- Arms of Robert de Holland: Azure semée-de-lys argent, a lion rampant of the second
- Born: c. 1283 Lancashire
- Died: October 1328
- Buried: Lancashire
- Spouse: Maud la Zouche
- Father: Sir Robert de Holland
- Mother: Elizabeth de Samlesbury

= Robert Holland, 1st Baron Holand =

14th-century English nobleman

Robert de Holland, 1st Baron Holand (c. 1283 – October 1328) was an English nobleman.

==Early life==

Holland was a son of Sir Robert de Holland of Upholland, Lancashire, and Elizabeth, daughter of William de Samlesbury.

Holland was a favourite official of Thomas, 2nd Earl of Lancaster, and was knighted by 1305. He was appointed on 20 December 1307 in a matter concerning the Knight Templars, shortly before Edward II ordered their arrest and trials in January 1308. In October 1313 Holland was pardoned for his role in the death of Piers Gaveston. From 1314 to 1321 he was called to Parliament as a baron and was appointed as secretary to the Earl of Lancaster.

==Banastre Rebellion (1315)==

Holland's favoured treatment by the powerful earl caused his rival knights in the area, led by Adam Banastre, Henry de Lea, and William de Bradshagh (Bradshaw), to start a campaign of violence towards him and the earl's other supporters known as the Banastre Rebellion. The rebels protested against the earl's actions and authority by attacking the homes of his supporters and several castles, including Liverpool Castle. Holland later assisted in the hunt for fugitives after the rebels had been routed in Preston by a force under the command of the Sheriff of Lancashire.

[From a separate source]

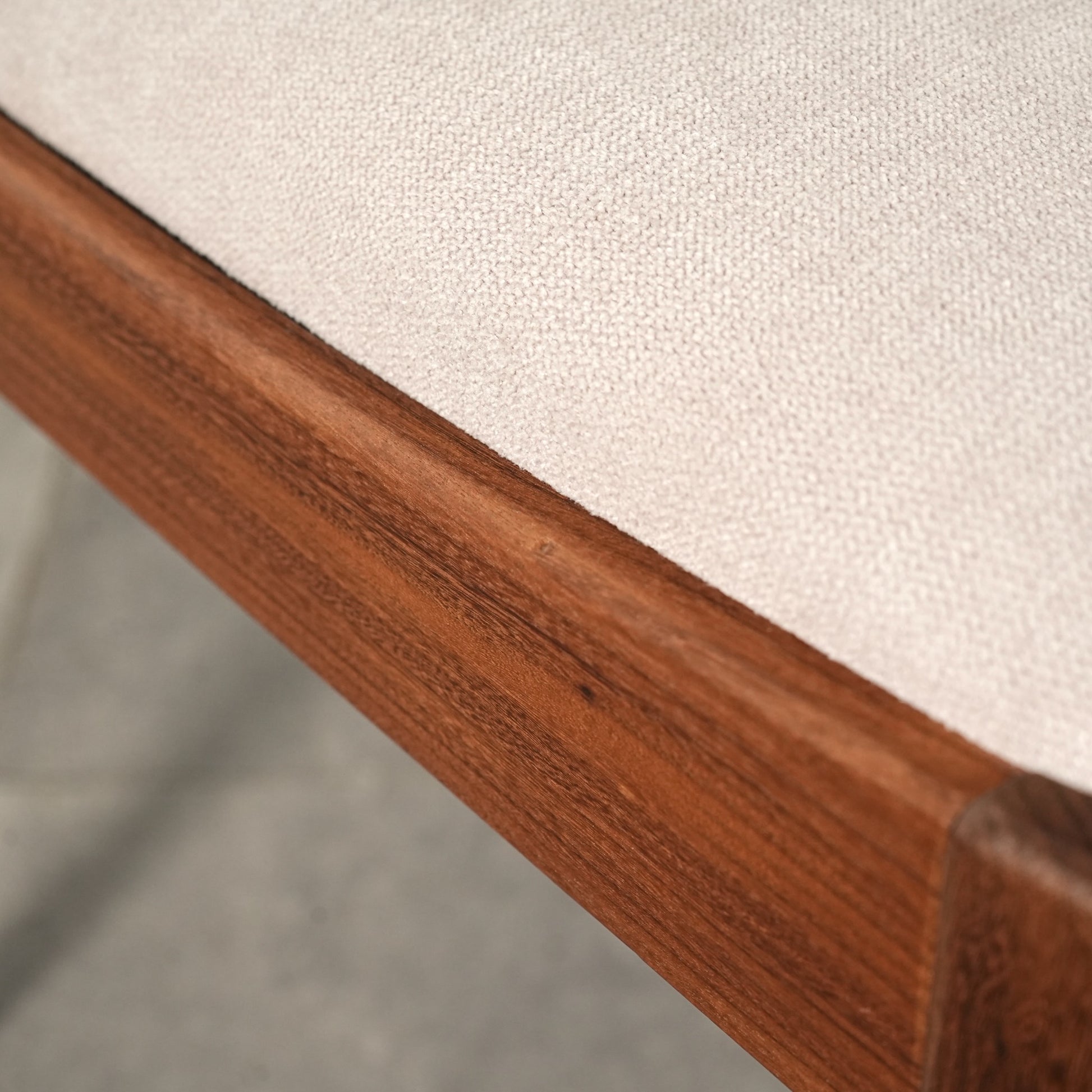 高品質なチーク材のフレームは美しいフォルムで、背もたれはプライウッドを使用したユニークなデザイン。

==Battle of Boroughbridge (1322) and Invasion of England (1326)==

On 4 March 1322 Holland was ordered to join the king with horses and men to defend against Lancaster's rebellion. Twelve days later Holland betrayed the king and fought alongside Lancaster at the Battle of Boroughbridge.

After their defeat, Holland surrendered and was imprisoned and had his lands confiscated. He was released from prison but was accused of having joined with other rebels in raids on the estates of Hugh le Despenser, 1st Earl of Winchester, over the next few years. Holland was again imprisoned in Warwick Castle before being moved in 1326 to Northampton Castle from which he escaped.

==Demise==

Following Queen Isabella and Roger Mortimer's overthrow of Edward II, Holland was pardoned for his escape from Northampton at the request of Henry de Beaumont; his lands were restored to him on 24 December 1327.

Holland still had enemies from the Banastre Rebellion though and in June 1328 they attempted to outlaw Holland for the deaths of Banastre and his followers, thirteen years after their deaths. Holland appealed against this but was killed in October in a wood near Henley-on-Thames, Oxfordshire. Thomas Wither is named by some as the murderer and is claimed to have been a supporter of the new Earl of Lancaster, Henry, but in light of Holland's outlawry in June may have been a supporter of Banastre as well. Holland was beheaded, his head sent to the Earl of Lancaster at Waltham Cross and his body to Preston, Lancashire where it was buried in the church of Grey Friars.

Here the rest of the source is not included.